Setting Up CDH Cloudera Distribution Hadoop Multi-Node Cluster. Step-by-Step Tutorial for Semi-Automated Installation.

I. PREPARATION OF VIRTUAL ENVIRONMENT

This tutorial is about building small Hadoop Cluster (Cloudera CDH 6 - Cloudera Distribution Hadoop) on pre-built Virtualbox Virtual Machines (VM). 5 VMs will be used, one for NameNode (Master) and 4 others for DataNodes (Workers). The 6th VM will be used as a Repository where installation packages of different Components. Using local repository will help to make installation process mush faster. It is also only way in case if Workers don't have Internet connection. Creation of 6 VMs, installation of OS and Network settings will require quite a lot of time and efforts. To make the process more effective, just one VM can be built and set anf after that it can be Cloned 5 times to have necessary number of VMs.
While building clones make sure that all clones are Full Clones (not Linked Clone) and also chose setting Generate New MAC Addresses...

Virtual Machines:

  1. cluster-Node1 - 6GB/30GB VDI (dinamically allocated)
  2. cluster-Node2 - 5GB/30GB VDI (dinamically allocated)
  3. cluster-Node3 - 5GB/30GB VDI (dinamically allocated)
  4. cluster-Node4 - 5GB/30GB VDI (dinamically allocated)
  5. cluster-Node5 - 5GB/30GB VDI (dinamically allocated)
  6. cluster-Repo - 2GB/35GB VDI (dinamically allocated)
Each VM has two adapters: NAT for Internet Conenction and Host-Only for connectivity between all VMs and VMs with Host computer.
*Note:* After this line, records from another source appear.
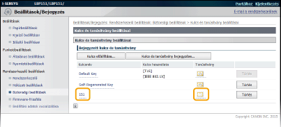 A kulcspár nem törölhető, ha éppen valamilyen célra használják, például amikor a [TLS] vagy az [IEEE 802.1X] elem jelenik meg a [Kulcs használata] részben. Ebben az esetben a kulcspár törlése előtt ki kell kapcsolni a funkciót vagy le kell cserélnie a kulcspárt. Az előre telepített hitelesítésszolgáltatói tanúsítványok nem törölhetők.
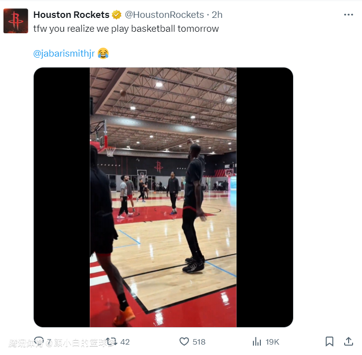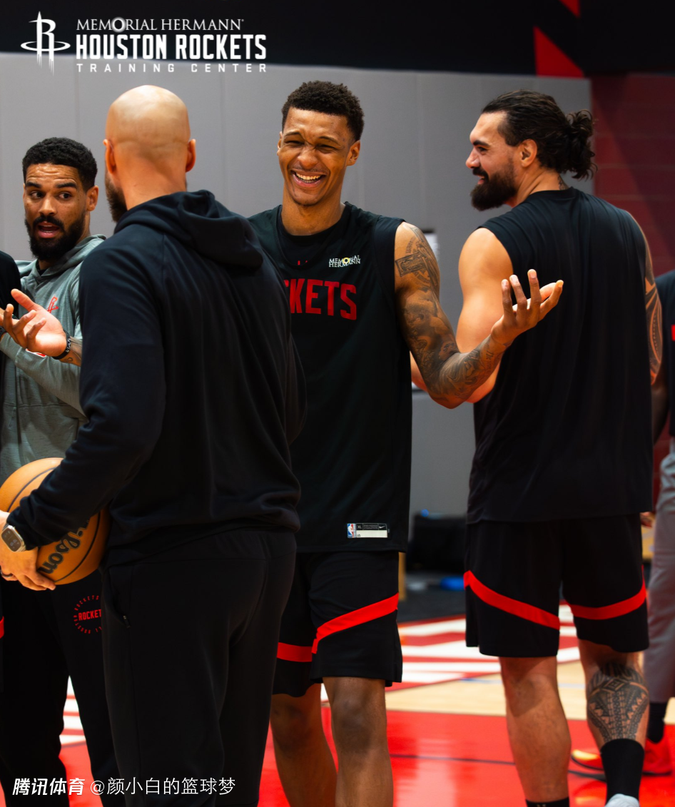 季前赛的最后一天火箭队的训练气氛就十分的欢乐了,本-沙利文跟、亚当斯、小贾巴里-史密斯相谈甚欢,据悉小贾已经锁定了一个先发的席位(申京、阿门、KD、小贾),最后一个先发的席位还没有确定。
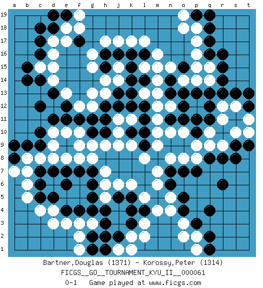 Last move : 0-1 2017 May 19 23:11:5 [Event "FICGS__GO__TOURNAMENT_KYU_II__000061"] [Site "FICGS"] [Date "2017.02.18"] [Round "1"] [Black "Bartner,Douglas"] [White "Korossy,Peter"] [Result "0-1"] [Rating 1 "1371"] [Rating 2 "1314"] 1.r16 d16 2.q4 d4 3.f17 h17 4.c17 d17 5.c16 d15 6.d18 e18 7.c18 e17 8.c14 d14 9.b14 p17 10.r13 m16 11.c6 c8 12.e6 f3 13.c10 d9 14.d11 f9 15.f11 c4 16.g6 h9 17.g4 g3 18.h4 d6 19.d7 b6 20.c7 b7 21.d5 o3 22.r6 l3 23.j16 j17 24.k16 h14 25.k14 m14 26.h16 k17 27.j13 h13 28.j12 g16 29.h11 q15 30.r15 q14 31.q13 q10 32.r8 p8 33.q2 k9 34.c5 b5 35.q18 p18 36.q17 p16 37.l16 l17 38.b9 b8 39.h3 l5 40.o5 n4 41.o4 n5 42.p3 o2 43.o7 n8 44.p7 o8 45.o13 n12 46.n13 m13 47.o15 p14 48.p13 o14 49.n14 n15 50.p19 o19 51.q19 o18 52.e19 f19 53.d19 f18 54.e4 e3 55.f4 j6 56.d13 g12 57.g11 e13 58.e12 f12 59.h12 g13 60.h2 f2 61.n7 m7 62.p11 h7 63.l11 m10 64.l10 m9 65.l9 l8 66.h15 g15 67.k4 k2 68.k5 k6 69.l4 m4 70.k3 l2 71.n6 m6 72.q8 q9 73.p10 p9 74.n11 m11 75.o12 m12 76.q11 s10 77.s9 r11 78.g7 g8 79.f7 s12 80.s13 r9 81.s8 t11 82.r14 n10 83.o11 j10 84.l12 l15 85.k15 k11 86.k12 j14 87.l14 m15 88.q16 p15 89.c9 e10 90.e11 l13 91.k13 c15 92.b15 h5 93.g5 r12 94.j5 h6 95.j2 d10 96.c12 o10 97.g2 f1 98.g1 d3 99.k10 j11 100.h10 j9 101.q12 e8 102.e7 p2 103.q1 p1 104.t13 d8 105.a8 a7 106.a9 j1 107.t9 t10 108.h1 k1 109.g10 g9 110.t12 f10 111.pass f8 112.pass j15 113.pass pass 0-1 Here are the names of the openings (joseki) played in the four corners : Corner d16 : d16 f17 Hoshi (Hwajeom, Seongjeom, Xingwei`) 4-4 Point. The star or hoshi (4-4) point, emphasizing influence at the potential expense of territory. Ikken Kakari (Hankan Keolch'im, Yi Gua`jiao~, 1-Space Low Approach). Black 2 is the standard approach move to the 4-4. Corner q16 : r16 p17 Komoku (Somok, Xiao~mu`) 3-4 Point. The komoku (3-4) point is the traditional corner enclosure move.. Ikken Kakari (Hankan Keolch'im, Yi Gua`jiao~, 1-Space Low Pincer). The small knight move is the basic approach move to the 3-4 point stone. It has been continually used for over four centuries. There are limitless variations, with new moves constantly being discovered. White 2 opens the door to a treaure store of joseki. Corner d4 : d4 c6 Hoshi (Hwajeom, Seongjeom, Xingwei`) 4-4 Point. The star or hoshi (4-4) point, emphasizing influence at the potential expense of territory. Ikken Kakari (Hankan Keolch'im, Yi Gua`jiao~, 1-Space Low Approach). Black 2 is the standard approach move to the 4-4. Corner q4 : q4 o3 Hoshi (Hwajeom, Seongjeom, Xingwei`) 4-4 Point. The star or hoshi (4-4) point, emphasizing influence at the potential expense of territory. Ikken Kakari (Hankan Keolch'im, Yi Gua`jiao~, 1-Space Low Approach). White 2 is the standard approach move to the 4-4. Player White won this Go (weiqi, baduk) game. Follow this game move after move (download)While the Baroque rules of chess could only have been created by humans, the rules of go are so elegant, organic, and rigorously logical that if intelligent life forms exist elsewhere in the universe, they almost certainly play go. (Edward Lasker, international chess master) Don't be discouraged. It's often the last key in the bunch that opens the lock. (Author unknown)

For the convenience, static IP address was set for each Node.
Host computer is Windows 10 and all Guests are Centos 7.7.
All steps will be implemented using root user. Root user's password is same for all Nodes for convenience. Install OS Centos 7.7.1908 x86 64 bit Minimal om each of VMs. Image for distribution is available at: Mirror server

II. PREPARATION OF PLATFORM

Hadoop Cluster may consist of from several to hundreds computers (nodes) those must be set in certain way and installed with special components and tools. This process may require a lot of time in order to implement all necessary steps sequntially on each node. In order to resolve this issue, in current tutorial multiple commands will run sequentially or parallely on remote Nodes performing non-interactive password-based authentication.
SSHPASS utility - enables passing the password to SSH for authentication and avoid being asked to enter password interactively. Bash loop can be used to implement SSHPASS sequentially for each Node. In case if password-less authentication is set, we can use simply SSH.
PSSH utility - enable execution of commands in parallel on a number of remote Nodes through SSH connection. Since in our case after certain point of installation, we use password-less authentication, we will not pass password (otherwise key "-A" is required).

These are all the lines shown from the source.